# large numbers in K means

3 views (last 30 days)
Tino on 15 Jun 2019
Commented: John D'Errico on 15 Jun 2019
I am trying to find the kmeans of 1 column with 1048575 numbers rows
and I am getting the error below
Error using kmeans (line 277)
X must have more rows than the number of clusters.
Error in svia (line 18)
[idx, C, miro , D] = kmeans(bibi, K);
Can anyone assist me in finding a solution for this.
Tino

Guillaume on 15 Jun 2019
What's unclear about the error? You must specify less cluster than the number of rows in your matrix/vector. So make sure that K is less than size(bibi, 1) (or numel(bibi) if a vector).

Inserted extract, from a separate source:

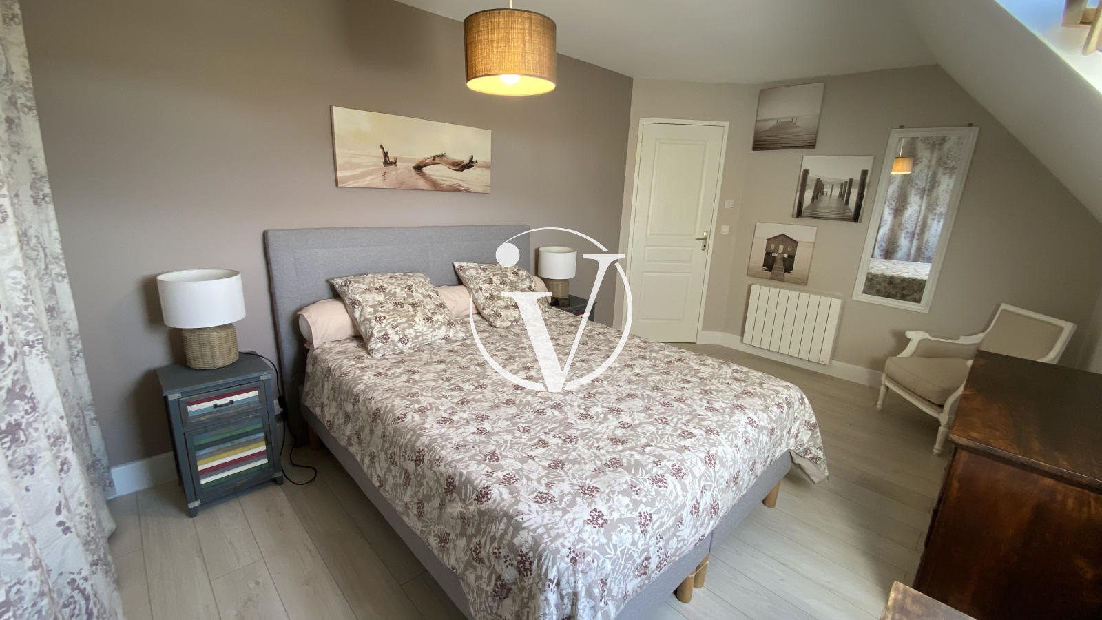 À l'étage, un palier dessert trois belles chambres, une salle d'eau moderne et des WC indépendants.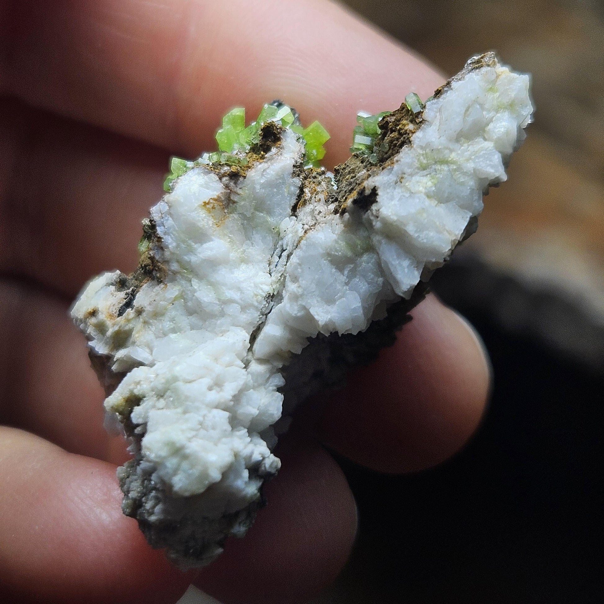 This high-quality specimen of Pyromorphite is from the Daoping Mine. This crystal cluster is filled with clusters of well terminated points, spiky growth and exhibits vivid chartreuse green coloring on orange-brown matrix over white quartz. Pyromorphite is extremely fragile and we recommend treating it with care to preserve it well into the future. This specimen measures approximately 40mm by 30mm by 19mm.

Walter Roberson on 15 Jun 2019
It would be a problem for kmeans if bibi is a row vector instead of a column vector.
Guillaume on 15 Jun 2019
Not according to the doc: "If X is a numeric vector, then kmeans treats it as an n-by-1 data matrix, regardless of its orientation."

John D'Errico on 15 Jun 2019
Edited: John D'Errico on 15 Jun 2019
x = rand(1048575,1);
size(x)
ans =
1048575 1
[IDX, C] = kmeans(x, 10);
C
Warning: Failed to converge in 100 iterations.
> In kmeans/loopBody (line 479)
In internal.stats.parallel.smartForReduce (line 136)
In kmeans (line 343)
C =
0.74809
0.049586
0.94968
0.2486
0.54773
0.64779
0.34794
0.14901
0.44755
0.84915
It works fine, athough It seems starved for iterations. But that is trivially solved.
However, if I make a mistake, and pass in a ROW vector instead, then I get the same error that you did.
[IDX, C] = kmeans(x', 10);
Error using kmeans (line 277)
X must have more rows than the number of clusters.

Guillaume on 15 Jun 2019
That's countrary to the documentation which says: "If X is a numeric vector, then kmeans treats it as an n-by-1 data matrix, regardless of its orientation".
I don't have the required toolbox but if that's not what happens then it should be reported as a bug.
John D'Errico on 15 Jun 2019
That is indeed the statement, in R2019a. So it is indeed a bug, since the behavior runs contrary to the documentation.